───── MATERIAL PROVIDED ─────

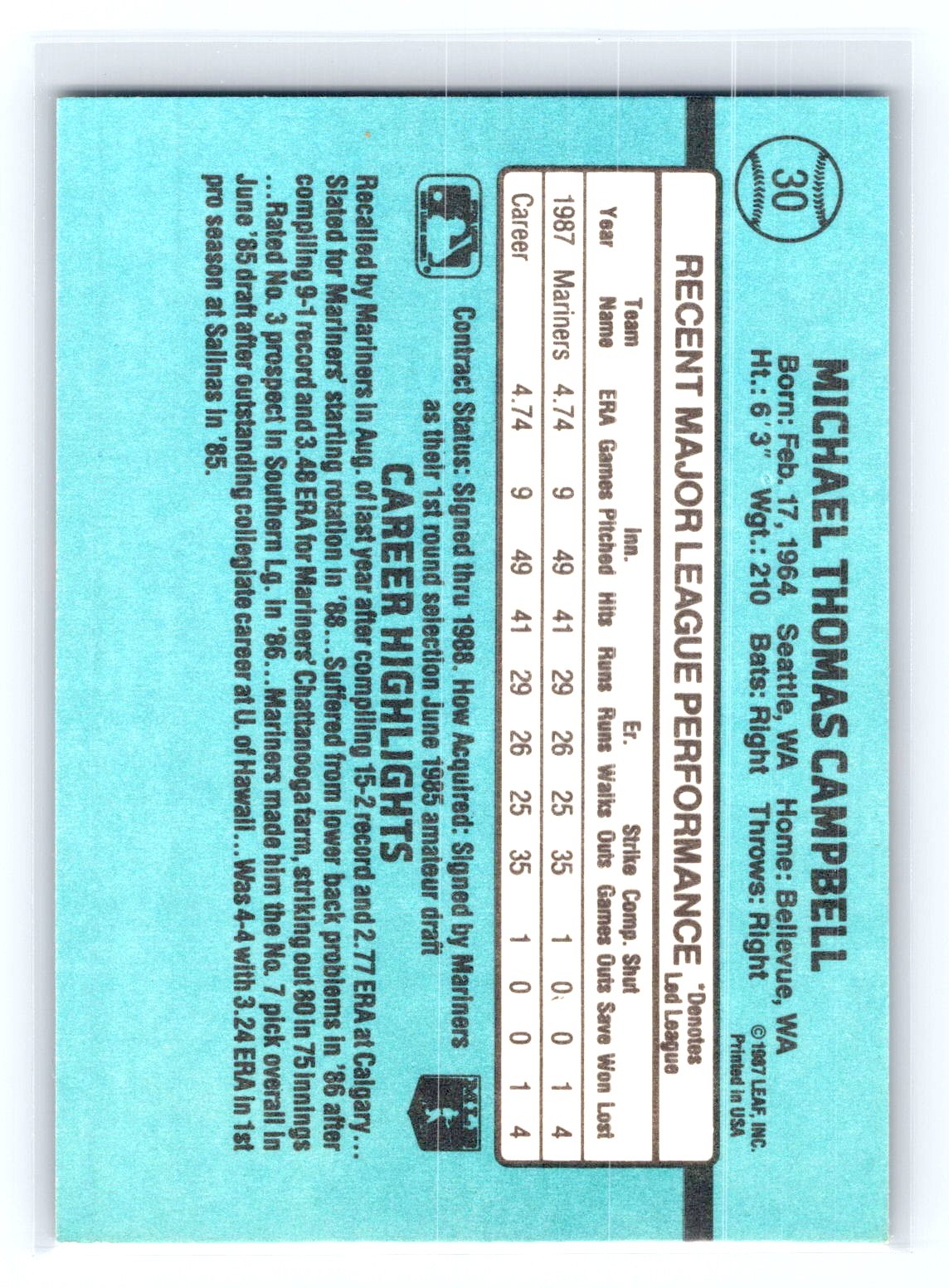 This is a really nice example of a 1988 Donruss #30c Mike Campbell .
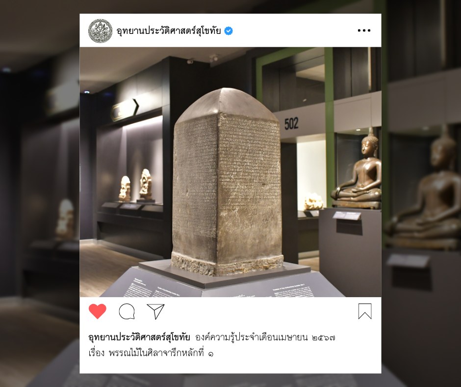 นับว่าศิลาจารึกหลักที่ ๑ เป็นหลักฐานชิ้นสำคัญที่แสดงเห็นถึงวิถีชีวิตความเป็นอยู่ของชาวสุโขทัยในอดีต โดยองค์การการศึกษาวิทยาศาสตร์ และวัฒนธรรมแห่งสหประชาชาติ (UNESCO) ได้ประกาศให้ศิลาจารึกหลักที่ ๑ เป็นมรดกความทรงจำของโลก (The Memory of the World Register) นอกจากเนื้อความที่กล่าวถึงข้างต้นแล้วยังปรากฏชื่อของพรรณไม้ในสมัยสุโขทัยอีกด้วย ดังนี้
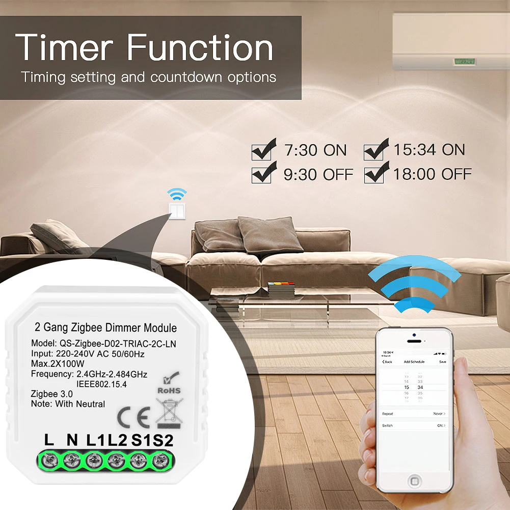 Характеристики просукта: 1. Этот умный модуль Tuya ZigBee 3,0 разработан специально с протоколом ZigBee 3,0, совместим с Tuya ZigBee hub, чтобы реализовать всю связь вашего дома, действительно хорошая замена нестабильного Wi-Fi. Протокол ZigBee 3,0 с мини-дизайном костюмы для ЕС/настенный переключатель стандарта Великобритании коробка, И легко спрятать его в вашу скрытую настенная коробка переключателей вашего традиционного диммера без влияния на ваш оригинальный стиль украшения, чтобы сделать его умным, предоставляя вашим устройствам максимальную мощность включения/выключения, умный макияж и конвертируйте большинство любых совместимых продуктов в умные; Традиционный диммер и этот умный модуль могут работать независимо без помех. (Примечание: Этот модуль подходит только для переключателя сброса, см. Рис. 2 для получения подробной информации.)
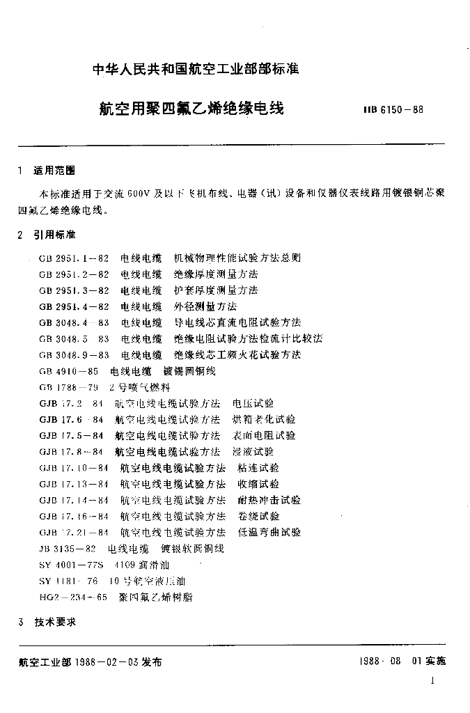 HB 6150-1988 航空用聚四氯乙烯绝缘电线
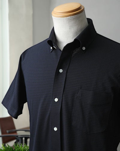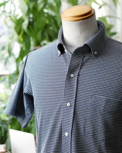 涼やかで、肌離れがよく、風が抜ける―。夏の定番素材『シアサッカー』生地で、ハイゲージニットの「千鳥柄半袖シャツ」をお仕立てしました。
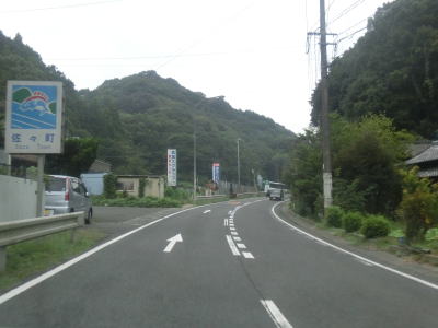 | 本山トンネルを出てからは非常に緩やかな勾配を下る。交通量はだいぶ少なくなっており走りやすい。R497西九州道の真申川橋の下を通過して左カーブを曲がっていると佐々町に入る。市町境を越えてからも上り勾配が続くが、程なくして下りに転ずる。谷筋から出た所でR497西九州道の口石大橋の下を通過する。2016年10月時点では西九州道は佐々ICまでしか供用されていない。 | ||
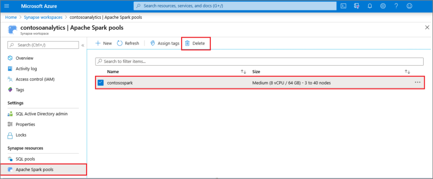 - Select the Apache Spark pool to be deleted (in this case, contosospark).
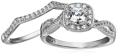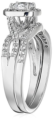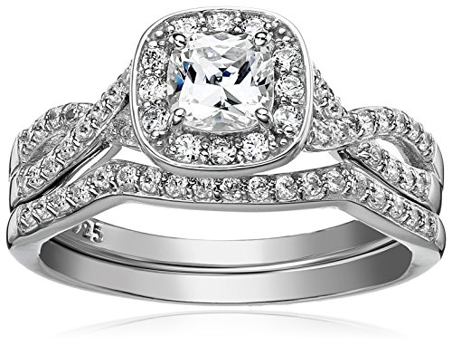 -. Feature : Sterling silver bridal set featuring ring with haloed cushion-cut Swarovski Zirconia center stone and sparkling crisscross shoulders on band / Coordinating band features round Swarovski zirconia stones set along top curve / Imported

─────
───── MATERIAL PROVIDED ─────

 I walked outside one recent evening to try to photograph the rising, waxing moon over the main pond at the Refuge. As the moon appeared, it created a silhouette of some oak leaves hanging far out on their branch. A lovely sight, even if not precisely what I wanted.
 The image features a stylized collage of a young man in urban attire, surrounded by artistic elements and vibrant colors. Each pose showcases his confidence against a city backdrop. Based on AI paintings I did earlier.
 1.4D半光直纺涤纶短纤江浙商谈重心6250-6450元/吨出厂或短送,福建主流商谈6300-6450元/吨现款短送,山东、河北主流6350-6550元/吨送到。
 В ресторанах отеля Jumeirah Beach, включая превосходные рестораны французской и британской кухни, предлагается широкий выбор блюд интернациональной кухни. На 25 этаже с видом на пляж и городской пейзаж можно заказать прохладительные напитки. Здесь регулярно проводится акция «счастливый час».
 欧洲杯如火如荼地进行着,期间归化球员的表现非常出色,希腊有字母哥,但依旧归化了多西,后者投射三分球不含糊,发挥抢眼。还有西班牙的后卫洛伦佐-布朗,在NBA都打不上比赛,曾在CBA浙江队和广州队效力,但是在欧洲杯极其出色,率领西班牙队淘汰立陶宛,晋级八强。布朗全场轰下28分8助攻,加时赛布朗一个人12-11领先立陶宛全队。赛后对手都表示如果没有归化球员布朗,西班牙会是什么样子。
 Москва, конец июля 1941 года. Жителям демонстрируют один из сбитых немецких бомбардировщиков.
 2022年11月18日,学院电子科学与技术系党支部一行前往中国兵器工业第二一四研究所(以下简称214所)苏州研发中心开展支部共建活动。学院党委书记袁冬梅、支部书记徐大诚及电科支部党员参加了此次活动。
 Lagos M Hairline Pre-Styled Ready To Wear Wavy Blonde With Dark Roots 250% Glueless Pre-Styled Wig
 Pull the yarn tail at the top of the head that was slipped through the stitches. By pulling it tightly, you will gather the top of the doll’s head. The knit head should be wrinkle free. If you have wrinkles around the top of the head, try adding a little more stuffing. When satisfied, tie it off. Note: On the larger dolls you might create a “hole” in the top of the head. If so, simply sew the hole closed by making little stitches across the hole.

─────
───── MATERIAL PROVIDED ─────

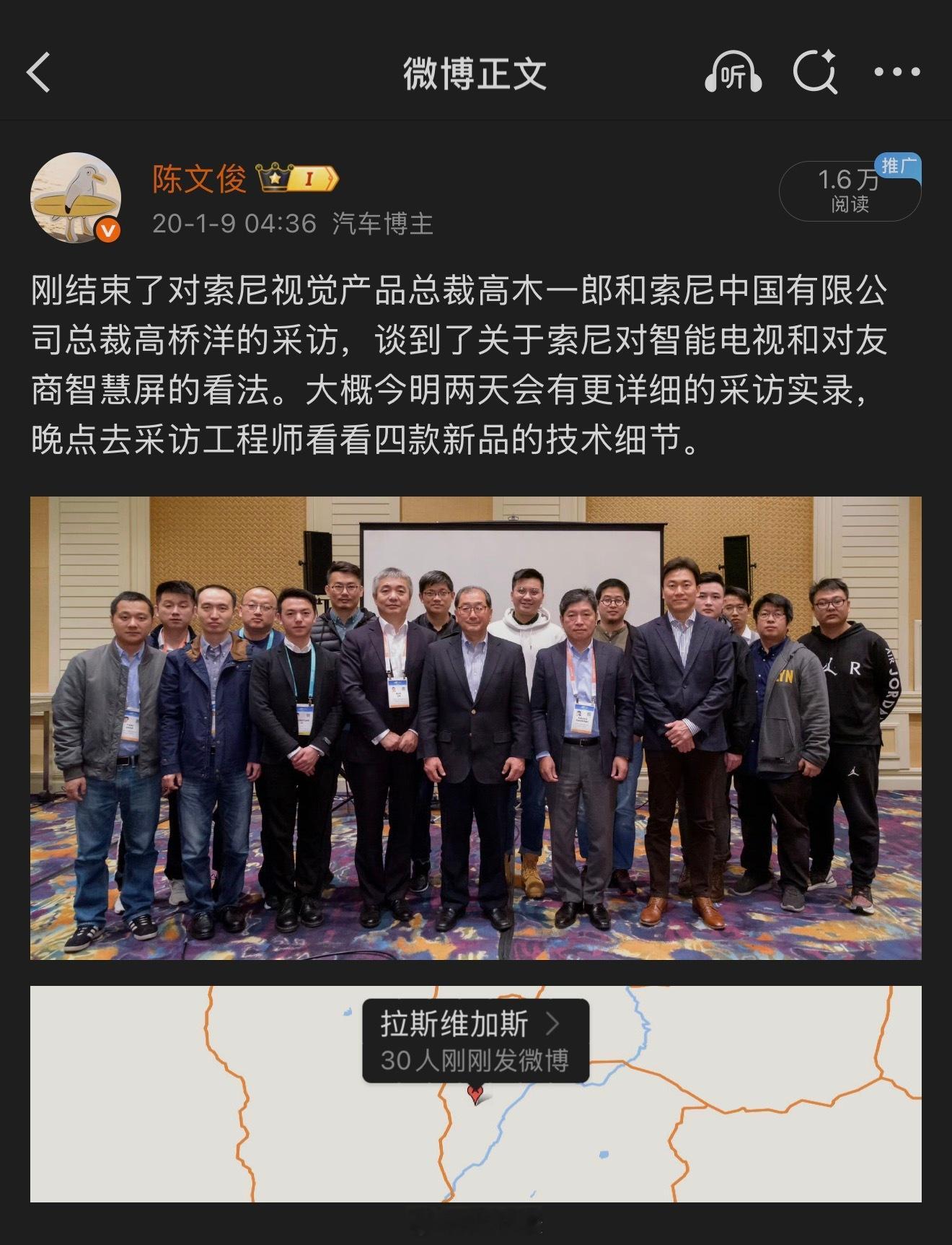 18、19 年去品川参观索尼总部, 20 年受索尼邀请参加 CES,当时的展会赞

─────

TASK INSTRUCTIONS: Among the entries above, locate the lines containing "2022年11月18日,学院" and "Pull the yarn", and transcribe exactly those two lines and all lines between.

YOUR SOLUTION:
 2022年11月18日,学院电子科学与技术系党支部一行前往中国兵器工业第二一四研究所(以下简称214所)苏州研发中心开展支部共建活动。学院党委书记袁冬梅、支部书记徐大诚及电科支部党员参加了此次活动。
 Lagos M Hairline Pre-Styled Ready To Wear Wavy Blonde With Dark Roots 250% Glueless Pre-Styled Wig
 Pull the yarn tail at the top of the head that was slipped through the stitches. By pulling it tightly, you will gather the top of the doll’s head. The knit head should be wrinkle free. If you have wrinkles around the top of the head, try adding a little more stuffing. When satisfied, tie it off. Note: On the larger dolls you might create a “hole” in the top of the head. If so, simply sew the hole closed by making little stitches across the hole.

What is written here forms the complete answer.